= PROBLEM REQUIREMENTS =
Repeat only the lines below from the one containing "ОБУСТРОЙСТВО МЕСТА ДЛЯ" through the one containing "L-R: SAA Bill", inclusive, exactly as written.

= EXTRACTED MATERIAL =

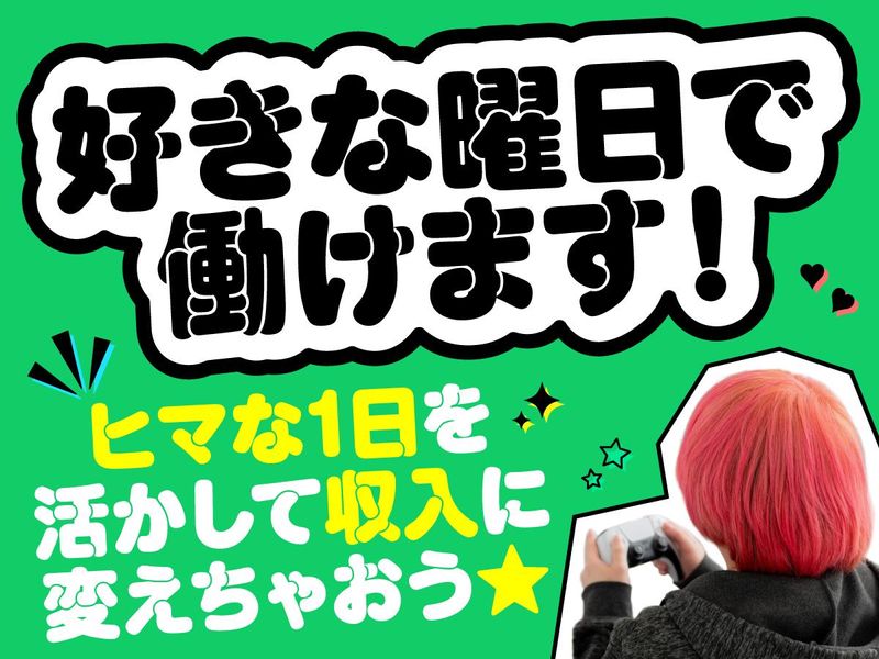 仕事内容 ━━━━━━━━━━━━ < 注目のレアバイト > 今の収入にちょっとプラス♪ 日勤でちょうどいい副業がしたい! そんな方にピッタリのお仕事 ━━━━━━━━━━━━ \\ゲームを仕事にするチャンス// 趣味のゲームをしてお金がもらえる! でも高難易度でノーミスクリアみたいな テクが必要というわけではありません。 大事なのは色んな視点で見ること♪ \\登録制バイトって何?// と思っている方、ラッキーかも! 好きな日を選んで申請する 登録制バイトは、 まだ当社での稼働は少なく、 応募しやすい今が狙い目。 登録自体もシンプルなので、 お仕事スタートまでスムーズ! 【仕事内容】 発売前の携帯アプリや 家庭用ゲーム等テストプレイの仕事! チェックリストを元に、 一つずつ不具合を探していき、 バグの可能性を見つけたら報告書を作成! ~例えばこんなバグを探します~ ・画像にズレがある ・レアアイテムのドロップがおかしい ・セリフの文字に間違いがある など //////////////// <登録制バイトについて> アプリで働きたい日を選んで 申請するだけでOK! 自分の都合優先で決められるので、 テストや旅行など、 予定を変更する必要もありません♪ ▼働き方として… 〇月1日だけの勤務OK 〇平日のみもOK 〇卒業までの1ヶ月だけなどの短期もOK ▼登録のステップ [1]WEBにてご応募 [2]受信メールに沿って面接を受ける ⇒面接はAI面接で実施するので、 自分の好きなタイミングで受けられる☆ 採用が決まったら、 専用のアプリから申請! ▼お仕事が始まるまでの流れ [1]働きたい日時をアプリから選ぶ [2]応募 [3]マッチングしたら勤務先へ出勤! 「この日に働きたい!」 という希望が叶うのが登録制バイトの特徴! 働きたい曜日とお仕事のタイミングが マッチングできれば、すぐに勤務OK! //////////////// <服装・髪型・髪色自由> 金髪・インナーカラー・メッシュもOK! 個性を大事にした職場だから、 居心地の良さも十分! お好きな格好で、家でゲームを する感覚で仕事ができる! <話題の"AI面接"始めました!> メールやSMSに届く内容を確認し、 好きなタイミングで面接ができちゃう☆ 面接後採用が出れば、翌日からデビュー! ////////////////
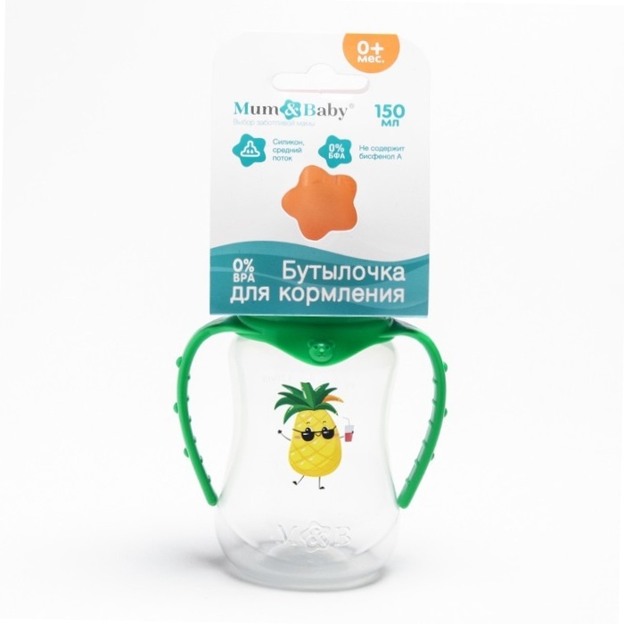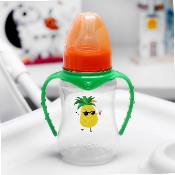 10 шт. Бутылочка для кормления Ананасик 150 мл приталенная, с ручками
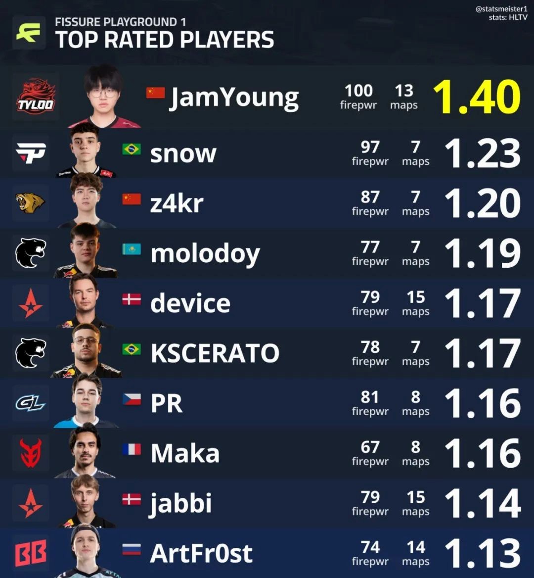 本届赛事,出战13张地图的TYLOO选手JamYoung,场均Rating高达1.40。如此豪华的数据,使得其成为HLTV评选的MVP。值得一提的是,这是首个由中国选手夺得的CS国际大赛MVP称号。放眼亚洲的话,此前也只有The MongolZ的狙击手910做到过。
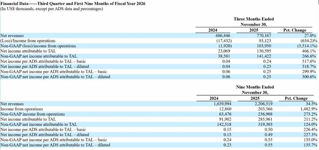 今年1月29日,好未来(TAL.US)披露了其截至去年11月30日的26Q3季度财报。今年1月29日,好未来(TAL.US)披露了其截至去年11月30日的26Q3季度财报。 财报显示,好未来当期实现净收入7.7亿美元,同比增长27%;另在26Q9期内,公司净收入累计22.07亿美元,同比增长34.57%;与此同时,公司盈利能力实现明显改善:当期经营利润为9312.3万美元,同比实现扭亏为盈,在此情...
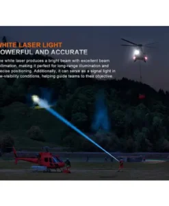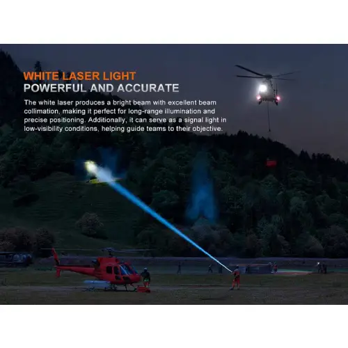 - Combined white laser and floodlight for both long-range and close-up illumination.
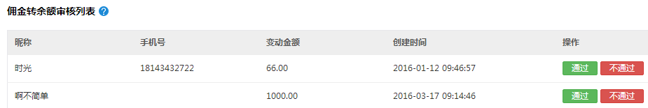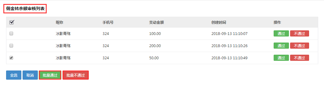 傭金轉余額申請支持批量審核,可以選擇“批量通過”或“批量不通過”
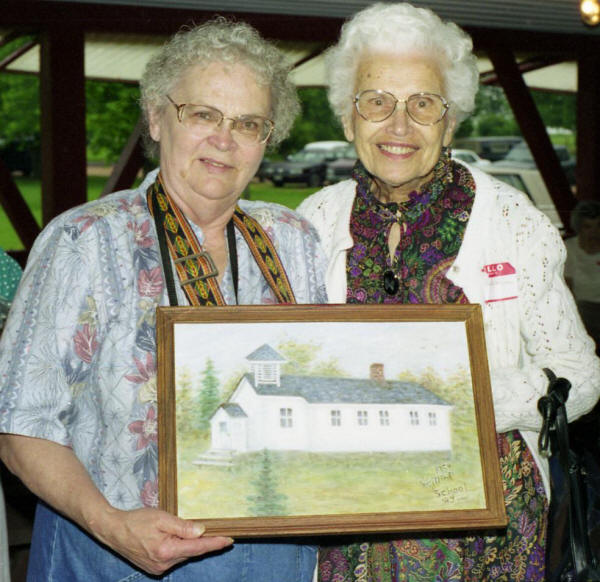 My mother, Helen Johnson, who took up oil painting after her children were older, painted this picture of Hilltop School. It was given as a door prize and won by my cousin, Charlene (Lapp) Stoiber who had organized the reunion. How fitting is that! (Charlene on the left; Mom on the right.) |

* * *

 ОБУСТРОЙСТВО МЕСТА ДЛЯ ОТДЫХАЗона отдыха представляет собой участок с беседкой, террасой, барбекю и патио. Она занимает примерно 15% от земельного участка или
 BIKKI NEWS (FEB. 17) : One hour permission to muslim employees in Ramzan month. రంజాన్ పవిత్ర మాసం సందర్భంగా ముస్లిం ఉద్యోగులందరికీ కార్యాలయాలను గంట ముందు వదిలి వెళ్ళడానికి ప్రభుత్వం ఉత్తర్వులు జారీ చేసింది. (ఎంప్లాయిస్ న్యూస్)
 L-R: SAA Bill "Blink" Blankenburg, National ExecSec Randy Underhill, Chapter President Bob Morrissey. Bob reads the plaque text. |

= ANSWER SPACE =
 ОБУСТРОЙСТВО МЕСТА ДЛЯ ОТДЫХАЗона отдыха представляет собой участок с беседкой, террасой, барбекю и патио. Она занимает примерно 15% от земельного участка или
 BIKKI NEWS (FEB. 17) : One hour permission to muslim employees in Ramzan month. రంజాన్ పవిత్ర మాసం సందర్భంగా ముస్లిం ఉద్యోగులందరికీ కార్యాలయాలను గంట ముందు వదిలి వెళ్ళడానికి ప్రభుత్వం ఉత్తర్వులు జారీ చేసింది. (ఎంప్లాయిస్ న్యూస్)
 L-R: SAA Bill "Blink" Blankenburg, National ExecSec Randy Underhill, Chapter President Bob Morrissey. Bob reads the plaque text. |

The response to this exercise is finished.